Material provided>
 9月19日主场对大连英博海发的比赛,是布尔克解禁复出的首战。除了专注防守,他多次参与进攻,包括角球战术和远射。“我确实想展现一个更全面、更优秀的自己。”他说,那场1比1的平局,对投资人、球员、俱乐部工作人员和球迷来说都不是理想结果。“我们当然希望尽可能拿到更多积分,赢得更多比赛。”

* * *

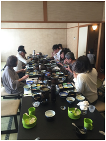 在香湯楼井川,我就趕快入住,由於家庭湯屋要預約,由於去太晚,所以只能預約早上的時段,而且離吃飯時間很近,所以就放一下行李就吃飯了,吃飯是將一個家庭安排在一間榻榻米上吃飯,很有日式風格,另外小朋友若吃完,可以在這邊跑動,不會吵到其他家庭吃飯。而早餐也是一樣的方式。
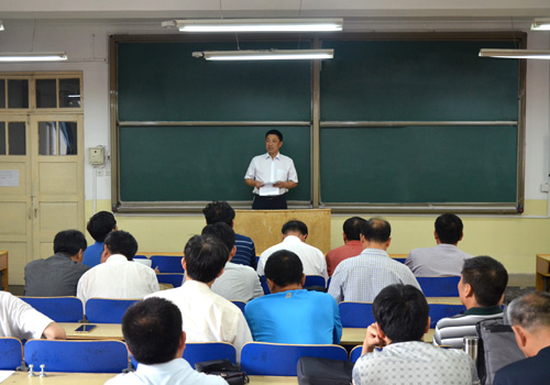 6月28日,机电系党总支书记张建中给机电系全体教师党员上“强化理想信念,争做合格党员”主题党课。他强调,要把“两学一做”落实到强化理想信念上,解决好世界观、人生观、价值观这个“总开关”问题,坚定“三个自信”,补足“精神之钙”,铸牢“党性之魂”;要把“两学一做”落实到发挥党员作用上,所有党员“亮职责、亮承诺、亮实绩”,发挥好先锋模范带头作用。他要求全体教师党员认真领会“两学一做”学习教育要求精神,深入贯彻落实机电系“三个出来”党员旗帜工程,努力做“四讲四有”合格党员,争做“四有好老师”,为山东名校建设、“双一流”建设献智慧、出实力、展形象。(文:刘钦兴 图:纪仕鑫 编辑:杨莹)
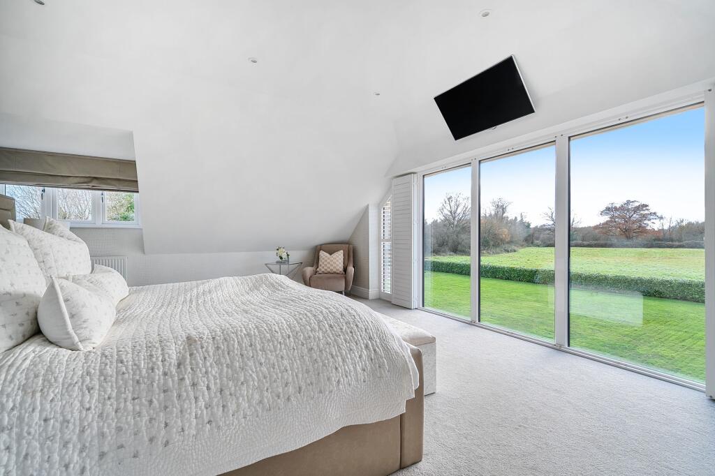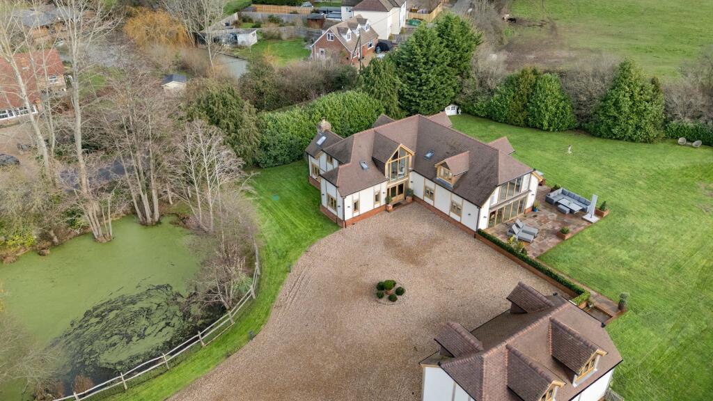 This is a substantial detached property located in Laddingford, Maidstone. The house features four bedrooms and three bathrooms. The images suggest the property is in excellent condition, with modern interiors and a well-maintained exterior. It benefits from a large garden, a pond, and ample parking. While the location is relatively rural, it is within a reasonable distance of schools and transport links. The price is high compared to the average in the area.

* * *

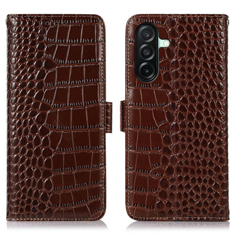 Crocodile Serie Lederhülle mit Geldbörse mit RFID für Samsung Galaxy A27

To do> Using the listing above, restate exactly the range between the lines holding "在香湯楼井川,我就趕快入住,由於家庭湯屋" and "This is a substantial", inclusive, with pictures left out.

Result of the exercise>
 在香湯楼井川,我就趕快入住,由於家庭湯屋要預約,由於去太晚,所以只能預約早上的時段,而且離吃飯時間很近,所以就放一下行李就吃飯了,吃飯是將一個家庭安排在一間榻榻米上吃飯,很有日式風格,另外小朋友若吃完,可以在這邊跑動,不會吵到其他家庭吃飯。而早餐也是一樣的方式。
 6月28日,机电系党总支书记张建中给机电系全体教师党员上“强化理想信念,争做合格党员”主题党课。他强调,要把“两学一做”落实到强化理想信念上,解决好世界观、人生观、价值观这个“总开关”问题,坚定“三个自信”,补足“精神之钙”,铸牢“党性之魂”;要把“两学一做”落实到发挥党员作用上,所有党员“亮职责、亮承诺、亮实绩”,发挥好先锋模范带头作用。他要求全体教师党员认真领会“两学一做”学习教育要求精神,深入贯彻落实机电系“三个出来”党员旗帜工程,努力做“四讲四有”合格党员,争做“四有好老师”,为山东名校建设、“双一流”建设献智慧、出实力、展形象。(文:刘钦兴 图:纪仕鑫 编辑:杨莹)
 This is a substantial detached property located in Laddingford, Maidstone. The house features four bedrooms and three bathrooms. The images suggest the property is in excellent condition, with modern interiors and a well-maintained exterior. It benefits from a large garden, a pond, and ample parking. While the location is relatively rural, it is within a reasonable distance of schools and transport links. The price is high compared to the average in the area.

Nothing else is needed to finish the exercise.